In his staff report, Michael Michaud, manager of planning, noted support had been received from the Wellington District Business Association and Prince Edward Heritage Advisory Committee.

With over 100 HCDs in Ontario, Michaud notes, “studies have revealed that property owners have a high degree of satisfaction with the effect of designation on their property values and economic development within the district.”

“HCDs are essentially an expression of what local residents want to conserve,” he said. “In practice, an HCD is a tool used by communities to help manage change in ways that conserve and enhance those aspects of a place that local people most value.”

Michaud said a HCD plan encourages development, “but of a compatible kind.”

While the pandemic hampered in-person public meetings, something that was noted by some of the comments received from members of the public at the last public (virtual) meeting, Michaud noted in his report some people were not even aware of the plan to designate a portion of Wellington under the HCD plan until recently.

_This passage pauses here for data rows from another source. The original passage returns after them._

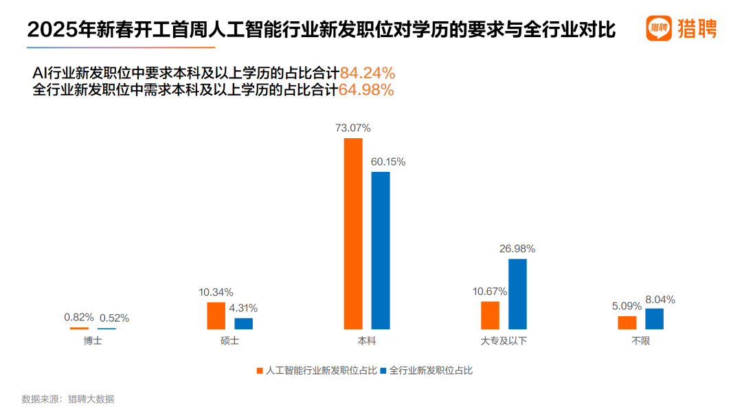 2)人工智能行业热招职能中算法工程师居首,该行业要求本科及以上的学历占比超80%从人工智能行业今年开工首周的新发职位位居前五的是算法工程师、销售经理/主管、解决方案、测试开发、产品经理,其中算法工程师的占比明显超出其他职能。人工智能行业作为高科技属性极强的领域,进入门槛较高,今年新春开工招聘职位对学历的要求较高,其中对本科及以上的学历要求占比84.24%,而全行业对本科及以上的学历要求占比64.98%,前者远远高出后者。随着人工智能技术的广泛应用,对人才的需求急剧增加,但市场上符合要求的高学历人才却相对短缺。为了吸引和留住高学历人才,企业纷纷提高薪资待遇,并提供良好的工作环境和发展机会。
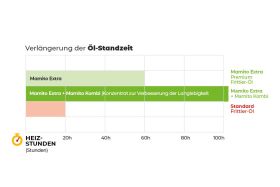 Mamito Extra hat eine Standzeit von 50-60 Heizstunden, das entspricht rund 3 Wechseln pro Monat. Bei herkömmlichen Ölen liegt die Standzeit bei rund 25-30 Heizstunden, somit muss das Öl etwa 6 Mal pro Monat gewechselt werden.
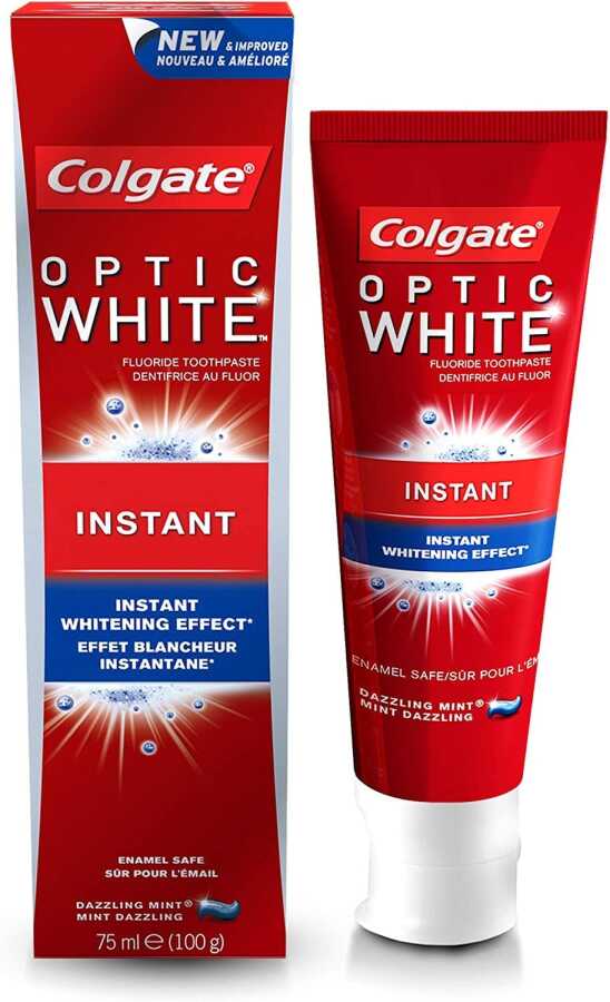 Colgate Optic White Instant Diş Macunu, optik beyazlatıcı teknolojisiyle dişlerde anında beyazlık etkisi sağlar. Yüzey lekelerini %100’e kadar giderdiği klinik olarak kanıtlanmıştır. Diş minesi için güvenli olan formülüyle düzenli kullanımda daha parlak ve sağlıklı bir gülümseme sunar. Ferahlatıcı aromasıyla ağızda temizlik hissi bırakır.
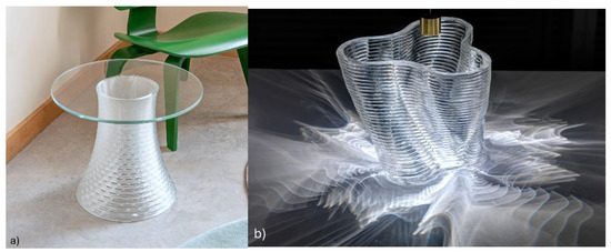 The application of glass AM is not yet widespread in artistic practice, and therefore, what have not been replaced—to date—include traditional analogue techniques. However, glass AM has the potential to remove the associated constraints presently required to digitally translate a derived form into a resulting object in glass. At present, to turn a 3D model into cast glass, a polymeric 3D print is usually created and realised through gravity-based lost-wax kiln casting—a process largely unchanged since its invention many centuries ago. Intermediary materials such as silicone, wax, plaster, and other refractories are used in a sequence of reversals between positive and negative, each process with a loss of fidelity to the original form [17]. In the glass art sector, a gap in knowledge exists, and there is a demand for makers who can realise digitally derived designs and machine-fabricated forming processes. Benefits of the direct production of 3D forms via the additive manufacturing of glass include the following:
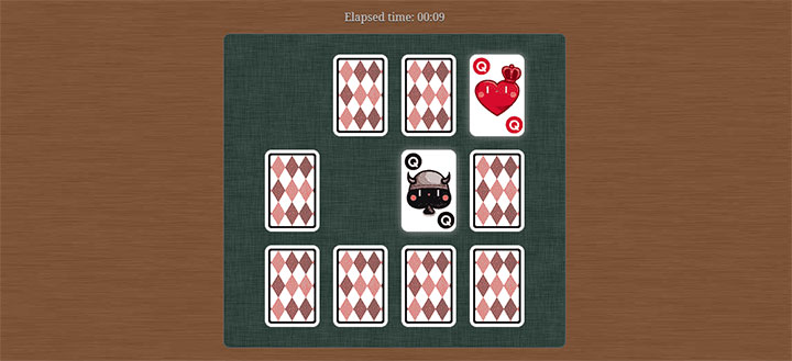 一款玩起来非常简单的jQuery扑克牌翻牌配对消除游戏源码,玩法:连续点击两张扑克牌进行配对,两张牌一样就消除。
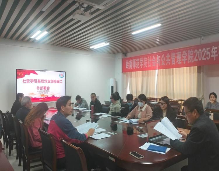 4月2日,社会与公共管理学院党委在第五教学楼D303-2召开基层党支部换届工作部署会。会议由学院党委书记冯亮如主持,学院党委委员、各基层党支部书记与支委出席本次会议。
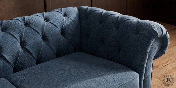 7.2.10 Gosford II Deep Sit 3 Seater Small Sofa Ripple Chenille Dark Blue Castor - Light | Made Click here to use our website with more accessibility support, for example screen readers
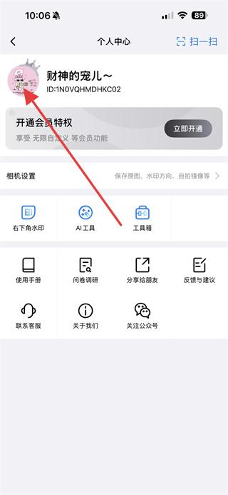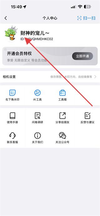 1、打开自定义水印相机app,点击左上角头像区域,进入个人中心页面。
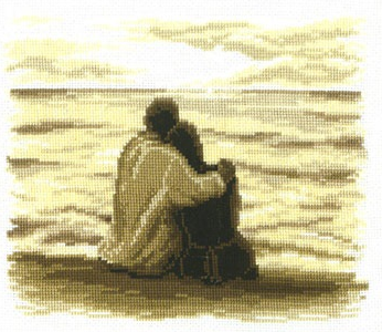 Двое у моря. Вышивка крестиком |
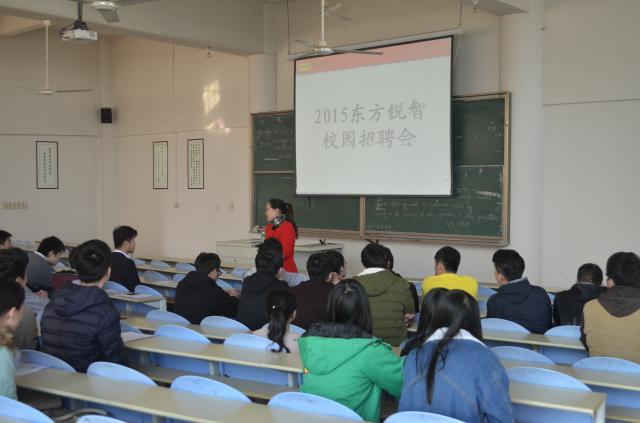 為了進(jìn)一步促進(jìn)計(jì)算機(jī)專業(yè)學(xué)生就業(yè)工作,將優(yōu)秀大學(xué)生充實(shí)到社會(huì),促進(jìn)人才的良性循環(huán)。2015年12月17日下午,計(jì)算機(jī)系在一號(hào)樓501教室舉行計(jì)算機(jī)應(yīng)用專業(yè)專場(chǎng)招聘會(huì),福州傳一科技、東方睿智教育公司前來招聘。
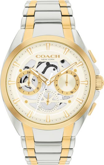 Slender indexes and bold hands distinguish a chronograph watch boasting three subdials that deliver precise timekeeping.
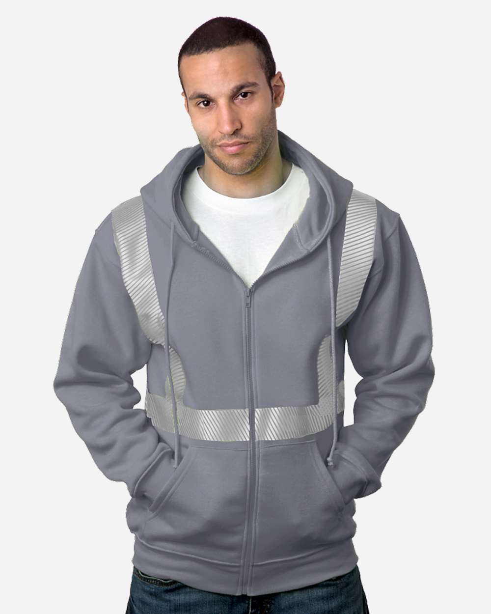 USA-Made Hi-Visibility Full-Zip Hooded Sweatshirt - Segmented Tape
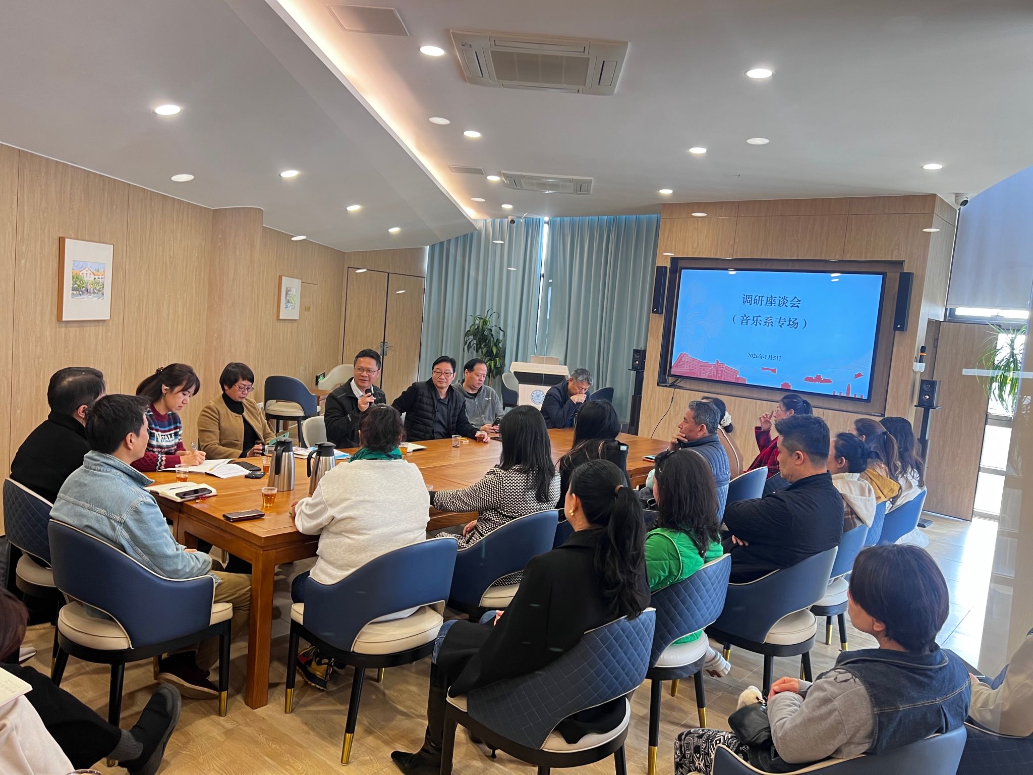 1月5日上午,音乐系调研会召开会上,系主任杨绿荫汇报工作后,院党委书记陈向柳特别对音乐系新年音乐会在繁荣校园文化、提升美育氛围方面的突出成效给予肯定。讨论环节气氛热烈,与会师生就学院班子建设、课程改革、分级教学模式、琴房设施升级、学生管理等具体问题提出建议,并深入探讨了师资队伍建设、专业特色凝练、品牌艺术节筹备及跨学科融合等长远发展课题,为音乐系下一步高质量发展厘清了思路。

“There was discussion about potentially delaying completion of the HCD plan to allow more time for public consultation, but this option was considered problematic for two reasons,” noted Michaud. “First, despite a significant gap in the project timeline due to the pandemic, there has been ample consultation in terms of the number of meetings and responses to emails and phone calls, much more than is required under the Ontario Heritage Act.”

The proposed designation has been in the works for a couple of years, since July 2019, and this meeting came on the heels of a lengthy virtual public meeting in early May that garnered significant public input and concerns. The first public meeting, also virtual, took place in November 2021.

“Based on comments received, there is general support for district designation,” noted Michaud’s report.

It was noted some property owners were concerned about the plan’s potential impact on their ability to alter their properties.

Comments from the public and PEHAC have been reviewed with the draft HCD plan has been edited, where appropriate, to provide clarity and context to it policies and guidelines, under the Ontario Heritage Act.

Further, it was noted how time is of the essence, most notably because of the developments currently underway for lands north of the Millennium Trail.

“Critical decisions are pending for such matters as road and sewer upgrades and these upgrades could have a direct impact on the heritage attributes of the proposed district,” Michaud said.

While there appeared to be no overall outright objection to the proposed Wellington Heritage Conservation District plan, there was concern over some sections and some wording, especially the extensive use of the word “shall”.

“The plan is overreaching and under-consulted,” said Lourdes Da Costa. “The concept for a heritage plan for Wellington is good, but this plan as currently drafted is not; it is not ready. Its intentions and consequences need to be properly communicated to the property owners that it will impact.”

Evan Nash noted the position of the Wellington District Business Association is to delay the decision regarding the Wellington HCD plan due to the lack of opportunity for public input.

Dan Leeming said due process has been followed with information meetings, including one-on-one meetings.

“I don’t think the specific interests of a few should be allowed to over-rule the greater good of the broader community,” said Leeming. “Deferral is basically paramount to a denial of the HCD.”

Simon Fish said the proposal deserves proper recognition. “I urge you to adopt the process today, “ he said.

Diane Riley said she strongly endorsed the HCD, noting due process has been followed.

“We want to ensure a healthy liveable community for all those who live in our historic village,” said Riley. “It is not just about money, it is about a quality of life and ensuring the future for all. Wellington will not be frozen in the past; this heritage plan gives new direction and avenues for creativity.”